In this tutorial, we’ll implement a minimal Decision Diffuser (DD) using CleanDiffuser. DD is a planning-based diffusion RL algorithm that uses classifier-free guidance (CFG) to generate high-performance decision trajectories. We’ll be using the D4RL-MuJoCo dataset for both training and evaluation. Along the way, we’ll dive into CFG and explore how to customize CFG models for specific tasks. Let’s start with an overview of how CFG works.

### 1.1 Classifier-free Guidance (CFG)

In a conditional generation task, we aim to sample from a conditional distribution $q_0(\bm x|\bm y)$. The score function can be written as:

$$
\nabla_{\bm x}\log q_t(\bm x_t|\bm y) = \nabla_{\bm x}\log q_t(\bm x_t) + \nabla_{\bm x}\log q_t(\bm y|\bm x_t),
$$

where the first term on the right is the score function for the unconditional distribution $q_t(\bm x_t)$, which we can estimate by training an unconditional diffusion model. The second term, which is the guidance term, is what needs to be estimated for CFG. CFG simplifies this by expressing the guidance term as:

$$
\nabla_{\bm x}\log q_t(\bm y|\bm x_t) = \nabla_{\bm x}\log q_t(\bm x_t|\bm y) - \nabla_{\bm x}\log q_t(\bm x_t).
$$

By training a conditional noise prediction model $\bm\epsilon_\theta(\bm x_t, t, \bm y)$, we can guide the sampling process without needing an additional classifier:

$$
\bar{\bm\epsilon_\theta}(\bm x_t, t, \bm y) = \bm\epsilon_\theta(\bm x_t, t) - w \cdot (\bm\epsilon_\theta(\bm x_t, t, \bm y) - \bm\epsilon_\theta(\bm x_t, t)),
$$

where $w$ represents the strength of the guidance. In practice, we use a dummy condition $\bm y = \bm\Phi$ for unconditional generation, meaning $\bm\epsilon_\theta(\bm x_t, t, \bm\Phi) = \bm\epsilon_\theta(\bm x_t, t)$.

In decision-making tasks, the condition $\bm y$ can represent highly complex, multimodal data like image-based observations, language instructions, or point clouds. Some implementations even use large transformers for multimodal fusion while utilizing smaller MLPs as the diffusion neural network backbone. In CleanDiffuser, we’ve decoupled the neural networks for diffusion $\bm\epsilon_\theta$ and conditions $\bm\zeta_\phi$ to facilitate development and debugging.
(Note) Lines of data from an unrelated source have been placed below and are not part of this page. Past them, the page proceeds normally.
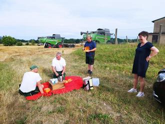 Die Chefin der Agrargenossenschaft belohnte die Arbeit der Männer am Ende mit einem zünftigen Abendessen auf dem Feld.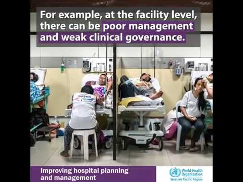Hospitals are the dominant component of health service delivery. Achieving universal health coverage (UHC) is impossible without clearly identifying the role of hospitals and optimizing their performance. Nevertheless, countries continue to struggle to improve hospital planning and management. Facility-level challenges such as weak management, escalating costs, long waiting periods, poor quality and safety, and low patient satisfaction impair hospital performance. At the level of the health system, challenges such as limited integration with primary health care, fragmented funding, weak regulation and inadequate monitoring undermine hospitals’ contributions to population health outcomes.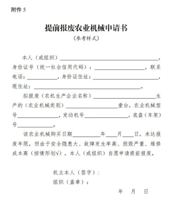 3.对未达报废年限但安全隐患大、故障发生率高、损毁严重、维修成本高的农业机械,经机主书面申请可提前办理报废(见附件5),并申请报废补贴。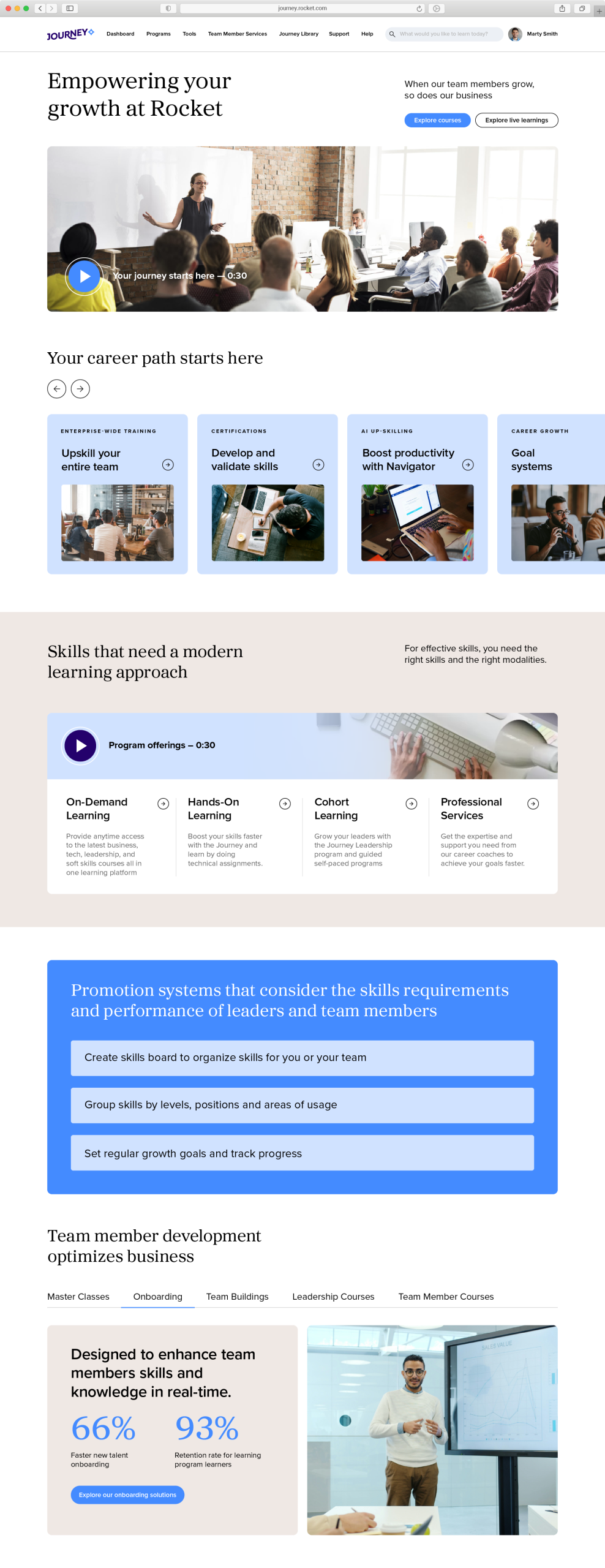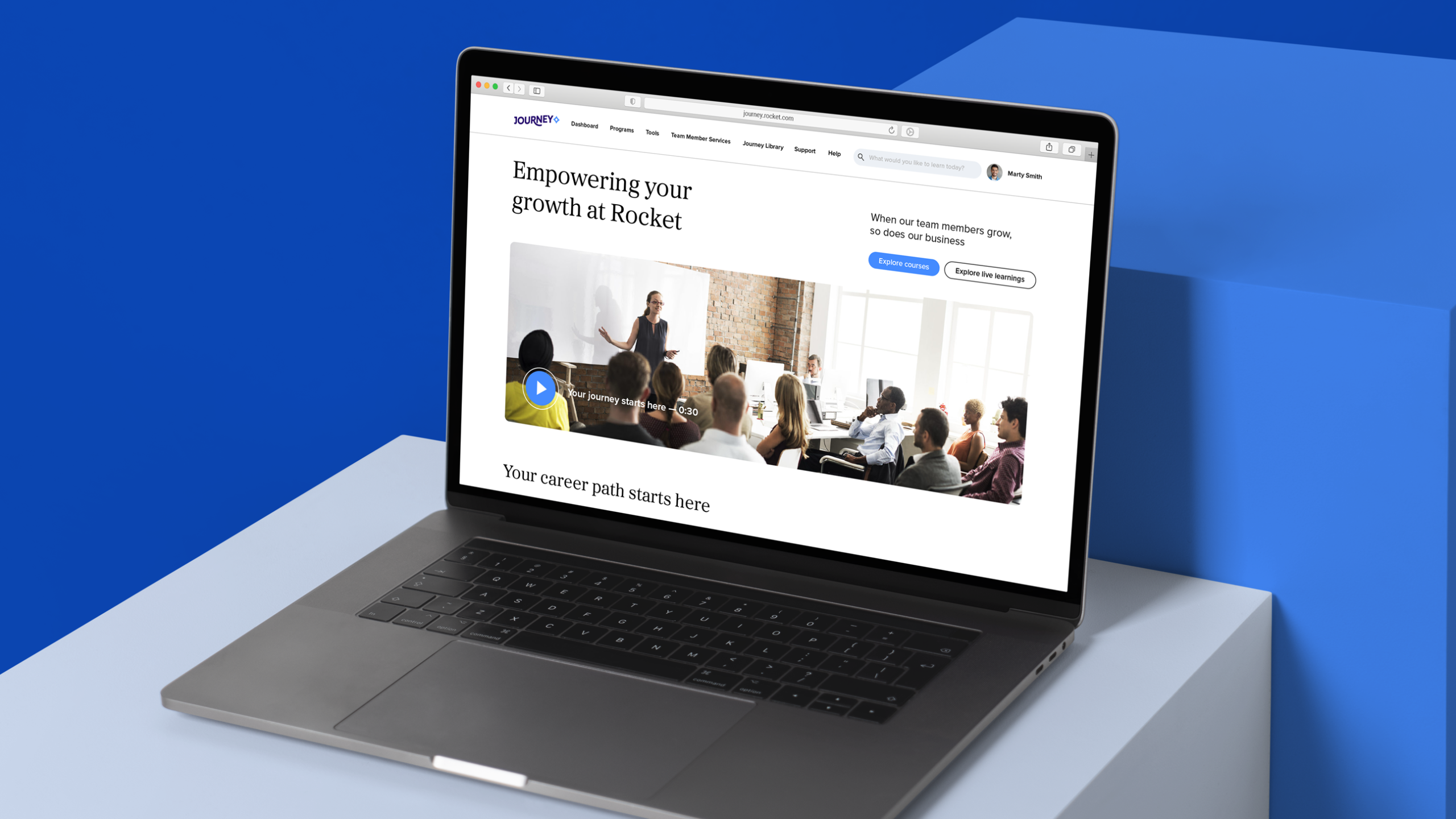 The Journey is a platform that offers internal and external learning and educational opportunities related to career growth for team members and leaders within Rocket. It’s comprised of a variety of courses, programs, soft skills training and resources specific to business areas within the organization.

Conditional diffusion models in CleanDiffuser are implemented as $\epsilon_\theta(\bm x_t, t, \bm\zeta_\phi(\bm y))$, with a dummy condition $\bm\zeta_\phi(\bm\Phi) = \bm 0$. This is why in Tutorial 1, we used both a `NNDiffusion` and a `NNCondition` to build the diffusion model. The `NNDiffusion` corresponds to $\bm\epsilon_\theta$, and the `NNCondition` corresponds to $\bm\zeta_\phi$. If the condition is simple, we can use an `IdentityCondition` to pass it directly to `NNDiffusion`.
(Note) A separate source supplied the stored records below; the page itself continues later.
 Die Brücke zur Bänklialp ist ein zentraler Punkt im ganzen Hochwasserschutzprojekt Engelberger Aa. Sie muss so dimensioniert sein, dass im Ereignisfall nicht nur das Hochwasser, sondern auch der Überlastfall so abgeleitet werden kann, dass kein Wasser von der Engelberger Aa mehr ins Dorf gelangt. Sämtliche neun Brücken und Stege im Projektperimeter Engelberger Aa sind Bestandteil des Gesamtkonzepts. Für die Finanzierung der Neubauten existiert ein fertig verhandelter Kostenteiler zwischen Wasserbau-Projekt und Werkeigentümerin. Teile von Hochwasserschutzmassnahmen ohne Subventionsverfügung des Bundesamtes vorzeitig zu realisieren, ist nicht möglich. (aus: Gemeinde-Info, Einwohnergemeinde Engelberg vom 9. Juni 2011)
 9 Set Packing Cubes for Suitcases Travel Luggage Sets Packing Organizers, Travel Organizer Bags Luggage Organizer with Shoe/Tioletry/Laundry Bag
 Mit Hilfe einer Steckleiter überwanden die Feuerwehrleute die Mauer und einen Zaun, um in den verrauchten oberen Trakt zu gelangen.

### 1.2 Diffusion Planners

DD is a diffusion planner that uses CFG to generate high-performance decision trajectories. The core idea is to generate high-quality decision trajectories and extract the first action to execute—much like MPC (Model Predictive Control) and other planning-based model-based RL algorithms. While those approaches rely on search methods and dynamic models to find optimal trajectories, diffusion planners achieve this through conditional generation.

To guide this generation process, we use a “high-performance” variable as the condition. One straightforward approach is to use the discounted return-to-go of the trajectory, $\sum_{s=t}^T \gamma^{s-t} r_s$, as the condition. This is a Monte Carlo estimation of the trajectory’s value. During training, we normalize these values to the range [0, 1], where 1 represents the highest performance. During inference, we use relatively high normalized values (e.g., 0.8-1.0) as conditions to generate high-performance trajectories. For more details, you can refer to [Diffuser](https://arxiv.org/abs/2205.09991) and [Decision Diffuser](https://arxiv.org/abs/2211.15657).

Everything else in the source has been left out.